On his way down from Sonoma County to the Mycological Society of San Francisco’s Fungus Fair, sous chef Mikhael Crystallah-Selk went foraging for honey mushrooms in Golden Gate Park. A parasitic species, honey mushrooms are sprouting all over, he noted, particularly at the base of dying oaks and pines.
“They’re a good beginner edible,” he said from behind a tablescape at the fair, held Sunday at El Camino High School, “because once you get used to it, it’s pretty simple to identify.” He showed off his haul, arranged to demonstrate the species’ full life cycle.
As Crystallah-Selk can attest, mushrooms are having a moment. In Chinatown, cordyceps are selling for $30,000 a pound. Psychedelic mushroom churches are proliferating. Longevity obsessives are downing adaptogens like lion’s mane, reishi, and chaga. Tech CEOs are microdosing psilocybin on workdays and full-blown tripping on weekends, as The New York Times recently reported.
But no one goes as hard as the die-hards at the Fungus Fair, which has lured hundreds of shroom-curious people — from veteran cultivators to the faintly horrified — to venues around the Bay Area every year since 1969.
Gavin Escolar, who attended wearing a mushroom sauna hat he found at a banya in Poland, is obsessed with chaga, which grows on birches and other trees in subarctic regions. Touting its alleged immune-boosting properties, he noted that his brand, the Chaga Company, offers coffees, chocolates, and powders. “It doesn’t have a flavor, so you can literally put it on everything,” he said.
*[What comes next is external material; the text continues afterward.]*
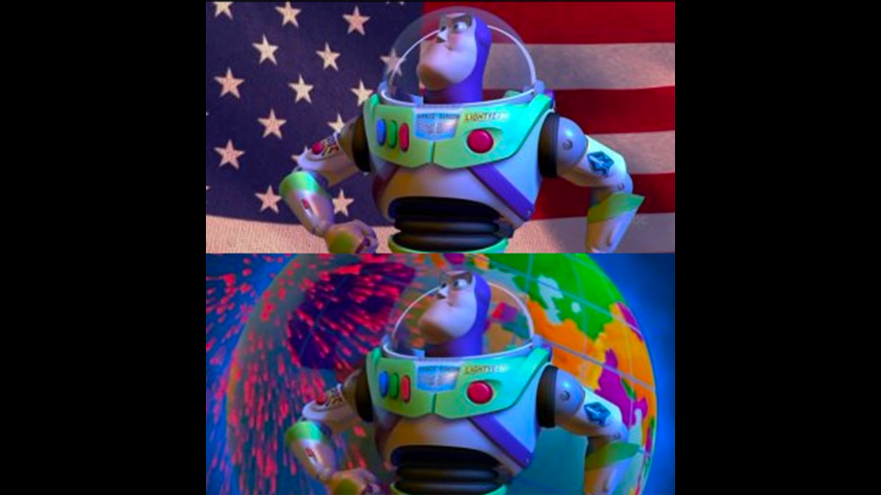 A menos que hayas visto la versión Estados Unidos, te darás cuenta de que Toy Story 2 hizo dos versiones de la misma escena. Cuando Buzz da unas palabras de aliento en la versión de Estados Unidos se muestra la bandera de ese país, mientras que en la versión internacional aparece un globo terráqueo.

Chaga helped him kick a years-long dependency to Tylenol with codeine and lose more than 40 pounds.
Chaga is trending, but nothing compares to the popularity of lion’s mane, the shaggy white mushroom that looks like a sea urchin — or a hirsute cauliflower. “It’s been pretty popular for the last few years,” said Toby Garrone, CFO of Far West Fungi, “now that everybody knows it can boost our brain capacity.”
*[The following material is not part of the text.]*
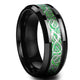 Black Celtic Dragon Tungsten Mens Wedding Band Ring with Green Carbon Fiber Inlay

Educator “Myco” James McConchie of Haight Street Shroom Shop had also gone fungus-hunting on his way to the fair, finding his favorite species of all: Clathrus ruber, the basket stinkhorn. “It’s this amazingly beautiful geodesic dome that comes out, and it’s bright pink,” he said. “It looks like it’s from outer space. And I absolutely adore it, because I find it everywhere in Golden Gate Park’s Fuschia Dell.”
McConchie predicts that the next “it” mushroom will be a species many people already know: the yellow oyster. “It’s going to be a hot topic over the next few years, because we now know it has a huge medicinal value, but it’s also gourmet,” he said, adding that consuming it offers benefits similar to a cold plunge.
The takeaway from the fungus-obsessed is that there are a million ways to enjoy mushrooms — from eating them to hallucinate to adding the powdered form to coffee — but nothing compares to the thrill of the hunt.
To that end, Crystallah-Selk has lately been scouring the coastline for meaty, woodsy porcini mushrooms. The other day, he came upon his aromatic white whale: a matsutake, one of the most highly prized mushrooms native to California. He promptly put it on the menu at Della Fattoria, the restaurant in Petaluma where he works as a chef. “If I find a good enough batch, I run a special,” he said.